* PROVIDED DATA
--- --- ---

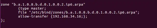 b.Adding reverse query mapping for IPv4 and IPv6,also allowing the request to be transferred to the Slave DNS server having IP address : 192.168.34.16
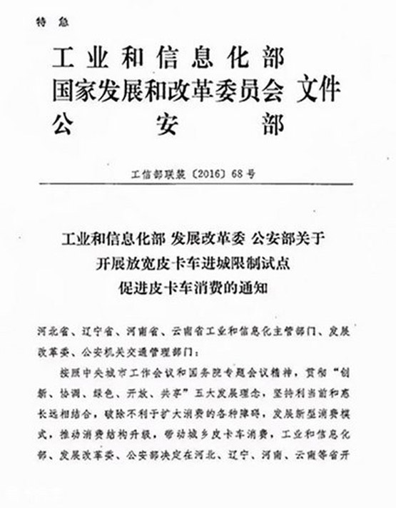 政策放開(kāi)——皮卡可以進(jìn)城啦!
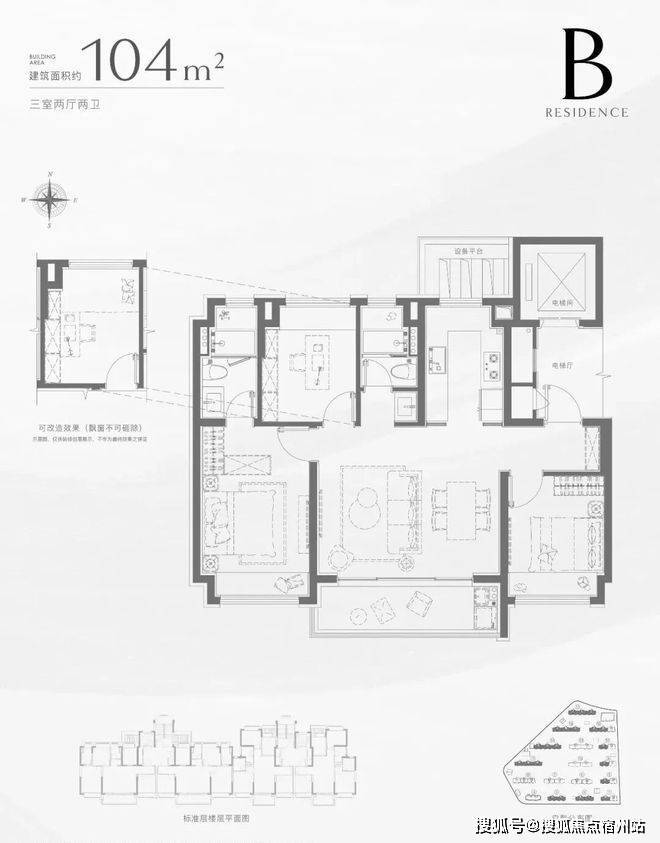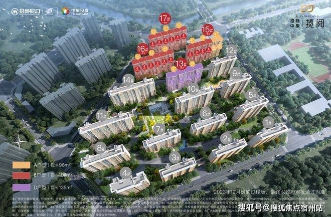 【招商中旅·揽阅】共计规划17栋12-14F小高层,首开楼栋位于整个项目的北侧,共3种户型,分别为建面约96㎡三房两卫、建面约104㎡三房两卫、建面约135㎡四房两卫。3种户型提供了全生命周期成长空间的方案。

--- --- ---

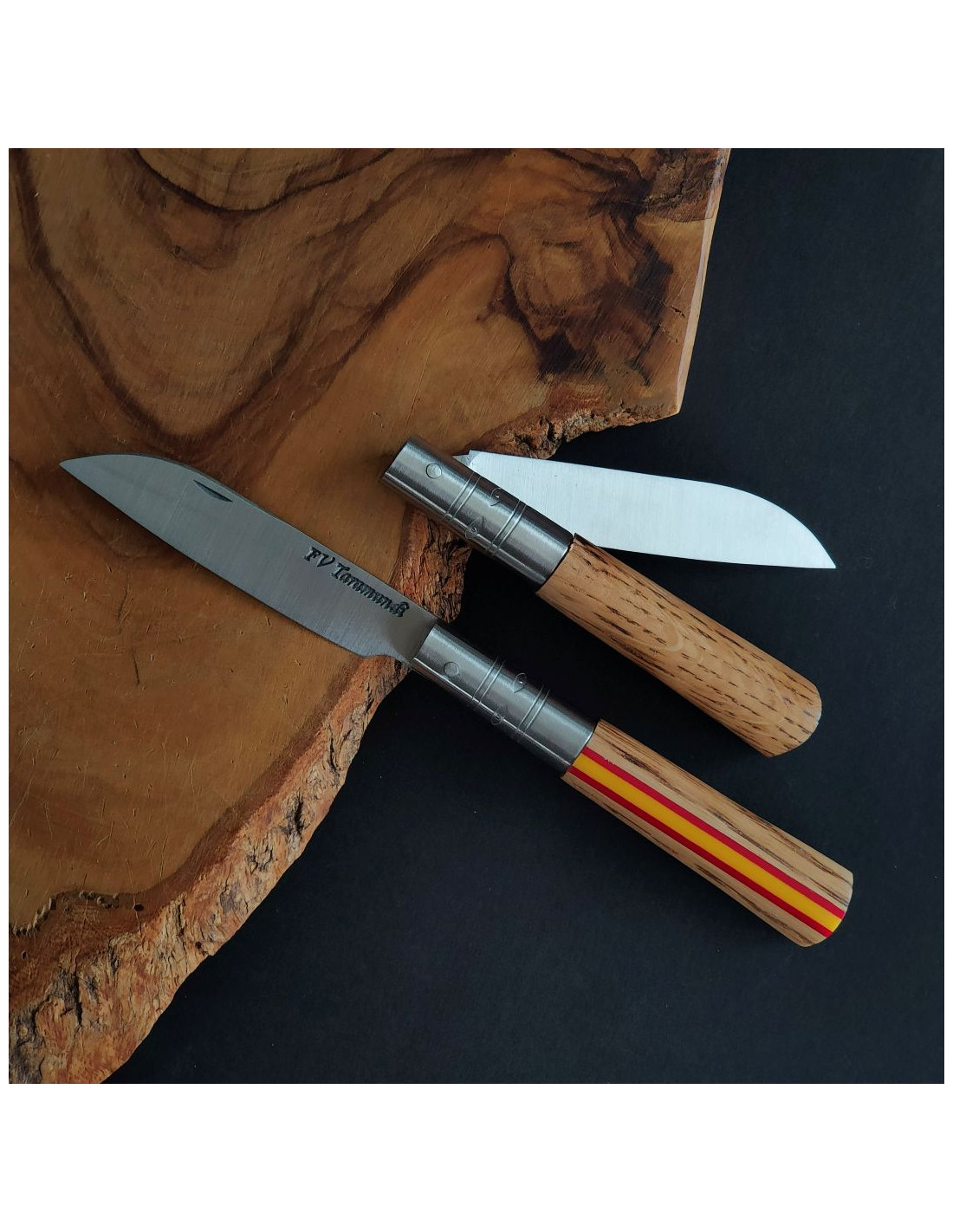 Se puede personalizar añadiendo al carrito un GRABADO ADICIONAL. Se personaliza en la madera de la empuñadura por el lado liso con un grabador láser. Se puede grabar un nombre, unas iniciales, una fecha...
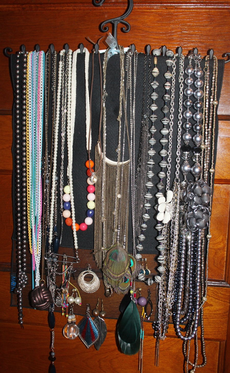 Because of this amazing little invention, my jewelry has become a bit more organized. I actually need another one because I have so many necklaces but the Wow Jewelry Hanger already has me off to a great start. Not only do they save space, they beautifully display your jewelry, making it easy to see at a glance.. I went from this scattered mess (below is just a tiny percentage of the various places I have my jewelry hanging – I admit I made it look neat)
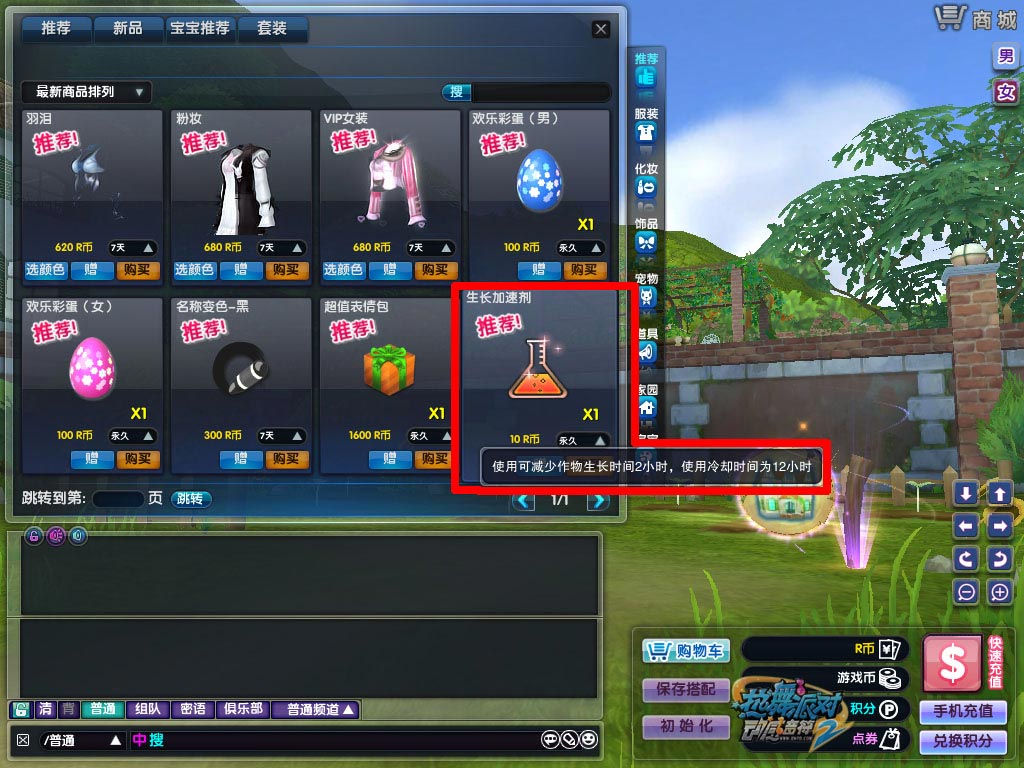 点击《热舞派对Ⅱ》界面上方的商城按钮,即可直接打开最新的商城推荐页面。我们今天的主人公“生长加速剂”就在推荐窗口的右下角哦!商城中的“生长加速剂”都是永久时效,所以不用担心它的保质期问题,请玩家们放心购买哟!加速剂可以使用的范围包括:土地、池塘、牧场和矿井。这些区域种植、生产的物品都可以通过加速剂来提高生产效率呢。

--- --- ---

* WORK TO COMPLETE
Could the stretch from the line with "Because of this" through the line with "点击《热舞派对Ⅱ》界面上方的" in the listing above be restated word for word, minus the pictures?

* SOLUTION TO THE PROBLEM
 Because of this amazing little invention, my jewelry has become a bit more organized. I actually need another one because I have so many necklaces but the Wow Jewelry Hanger already has me off to a great start. Not only do they save space, they beautifully display your jewelry, making it easy to see at a glance.. I went from this scattered mess (below is just a tiny percentage of the various places I have my jewelry hanging – I admit I made it look neat)
 点击《热舞派对Ⅱ》界面上方的商城按钮,即可直接打开最新的商城推荐页面。我们今天的主人公“生长加速剂”就在推荐窗口的右下角哦!商城中的“生长加速剂”都是永久时效,所以不用担心它的保质期问题,请玩家们放心购买哟!加速剂可以使用的范围包括:土地、池塘、牧场和矿井。这些区域种植、生产的物品都可以通过加速剂来提高生产效率呢。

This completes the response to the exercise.